I ain't the top guy on semi's compared to some but ideally IMO the recoil spring is strong enough to prevent slide battering at rear of travel, and yet not so strong with chosen ammo to prevent a full and efficient excursion of slide motion.
Much in the end can be down to compromize and too strong a spring could prejudice use of slightly sub power ammo and lead to ftf trouble.
The purpose of the recoil spring is more a means to store energy to return the slide to battery & provide power to strip and chamber the next top round out of the magazine than it is to prevent frame battering or reduce felt recoil.
Ditto: that an overly strong recoil spring combined w/ under power ammo will cause ejection problems.
Altering the "power & strength" of the recoil spring does more to adjust & "fine tune" the semi~automatic timing cycle than to prevent frame battering.
I put this Sprinco unit in both my Kimber 1911, and a Para P-12-45, and I have never looked back.
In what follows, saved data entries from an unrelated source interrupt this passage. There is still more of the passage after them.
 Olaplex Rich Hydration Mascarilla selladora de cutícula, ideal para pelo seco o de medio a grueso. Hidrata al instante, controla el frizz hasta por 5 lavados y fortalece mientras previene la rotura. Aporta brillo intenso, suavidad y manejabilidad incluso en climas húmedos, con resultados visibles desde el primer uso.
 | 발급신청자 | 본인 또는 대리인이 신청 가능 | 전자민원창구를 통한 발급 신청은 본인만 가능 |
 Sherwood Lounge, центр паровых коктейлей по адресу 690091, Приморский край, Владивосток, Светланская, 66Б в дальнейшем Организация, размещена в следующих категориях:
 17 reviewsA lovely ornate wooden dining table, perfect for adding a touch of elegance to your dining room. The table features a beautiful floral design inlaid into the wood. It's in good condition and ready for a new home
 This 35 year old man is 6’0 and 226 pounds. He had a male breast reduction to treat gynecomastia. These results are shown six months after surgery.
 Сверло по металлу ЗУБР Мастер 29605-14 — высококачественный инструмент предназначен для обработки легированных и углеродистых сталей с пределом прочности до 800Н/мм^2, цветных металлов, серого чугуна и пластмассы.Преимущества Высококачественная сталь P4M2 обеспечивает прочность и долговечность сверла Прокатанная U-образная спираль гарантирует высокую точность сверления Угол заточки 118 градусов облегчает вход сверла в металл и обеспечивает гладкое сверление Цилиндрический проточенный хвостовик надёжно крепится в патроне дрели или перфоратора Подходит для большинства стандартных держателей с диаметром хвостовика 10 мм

It is a buffer, in that a short spring is picked up very near the end of rearward slide travel by the spring cap.
It is also what designer Alan calls a "recoil reducer". I find that the gun feels tighter and much more damped, rather than a lot of slide inertia slinging itself back and forth. It helps me to get follow-up shots lined up faster.
He says they have a couple of test guns with 200,000+ rounds and no cracks in the frame. (I can't wait to see the new ultra-slo-mo videos I've heard about, showing frame flex during fire cycle, both polymer and steel frames).
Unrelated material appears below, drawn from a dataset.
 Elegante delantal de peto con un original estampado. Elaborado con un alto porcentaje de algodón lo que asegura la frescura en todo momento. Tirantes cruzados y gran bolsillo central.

The only down side is some extra effort and technique to manually lock the slide back. That was easy to master and should only be an issue for those with reduced hand/arm strength.
I know some don't like a long spring guide, but reliability has been flawless for several thousand rounds now in the Kimber. And mine is the +P version, which will sometimes cause a problem with light target loads, but at least for me, no problems there either. I sold the P-12 and last I heard the new owner kept it in too.